There are some interesting US facts and figures here:
http://www.popcenter.org/problems/robbery_banks/
and they are reflected north of the border in what I have read recently too, especially regarding rising rates of bank robbery in smaller communities.
... Evidence suggests that urban bank robberies have been somewhat displaced in recent years; the share of bank robberies in small towns increased from 20 percent in 1996 to about 33 percent in 2002. Still, the majority of bank robberies are concentrated in urban areas. Although this concentration is often attributed to the fact that there are more branches in urban areas, the number of robberies is disproportionately higher than the number of branches. In Canada, for example, seven cities have 30 percent of all bank branches but 66 percent of all bank robberies; in the United Kingdom, London has 10 percent of the nations branches but 39 percent of its robberies.

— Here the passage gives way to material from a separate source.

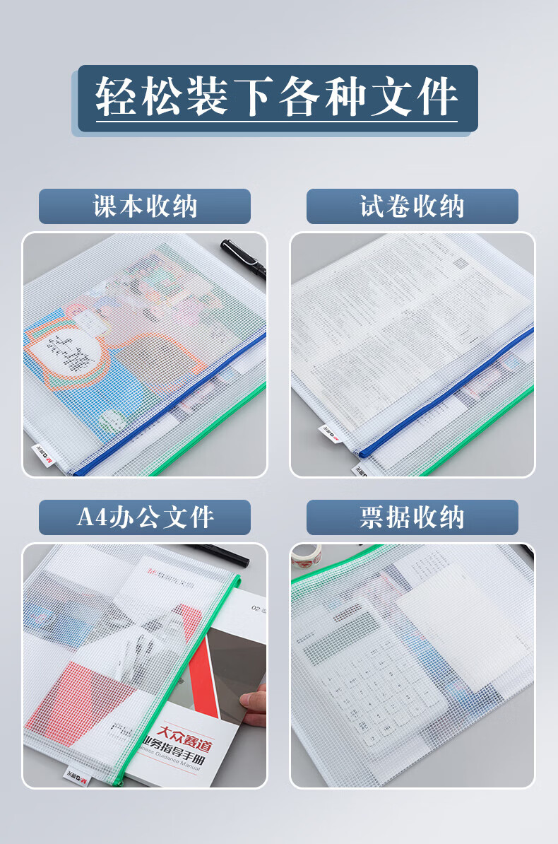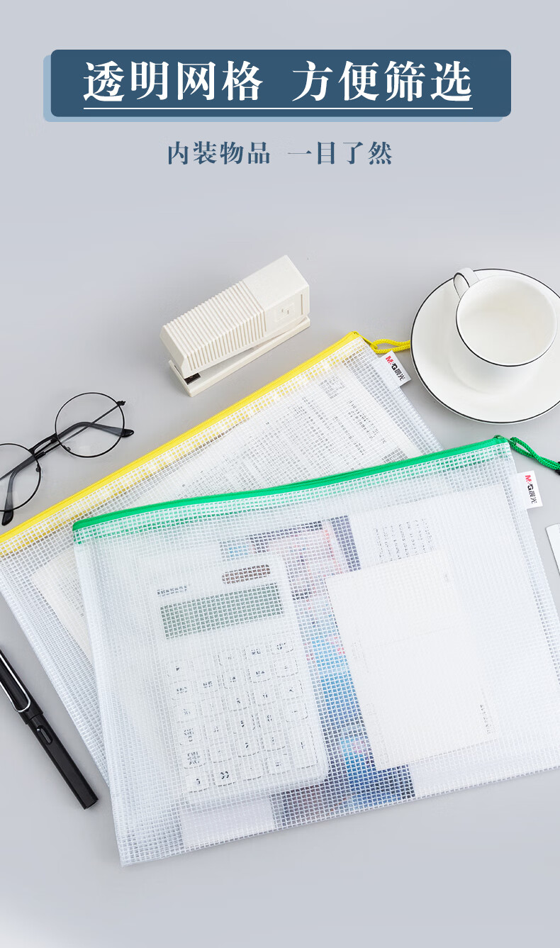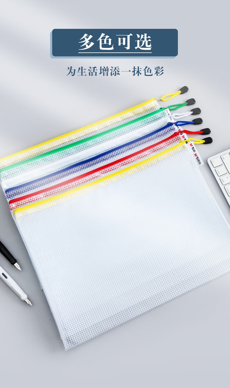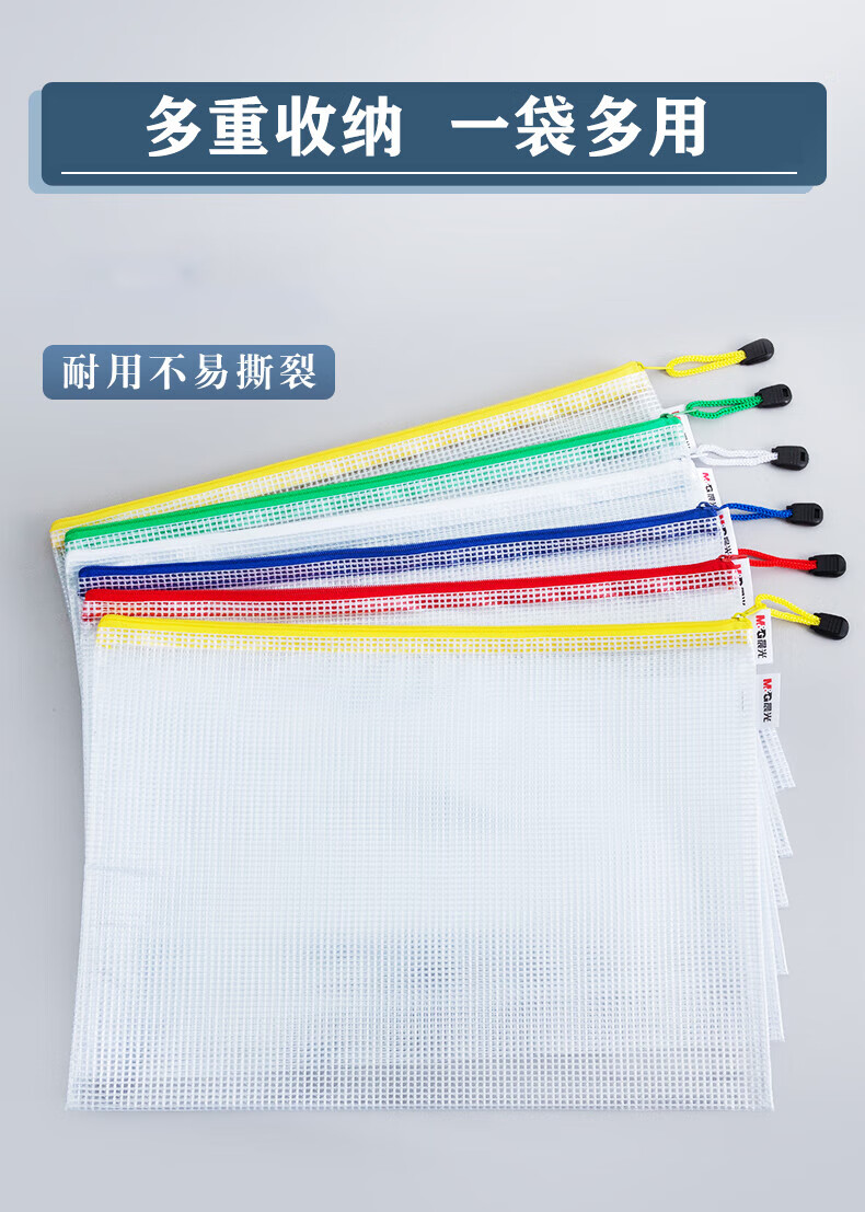包装清单  :   A4网格拉链袋PVC文件袋资料袋学生试卷收纳文件收纳袋颜色随机ADMN4282 10个装

Just as bank robberies are more common in urban areas, bank robberies within a jurisdiction tend to cluster where there are more banks. Branches are often located in groups near retail shopping areas, in commercial districts, and along major transportation corridors. Although individual branches in poorer areas seem to suffer more robberies, this primarily reflects the fact that there are fewer branches in such areas. Bank robberies are actually more numerous in more affluent neighborhoods. In one city, for example, only 3 percent of bank robberies occurred in areas considered as poor.
I meant to make a serious contribution here, but the solution does seem obvious from that: get rid of the banks, get rid of bank robberies.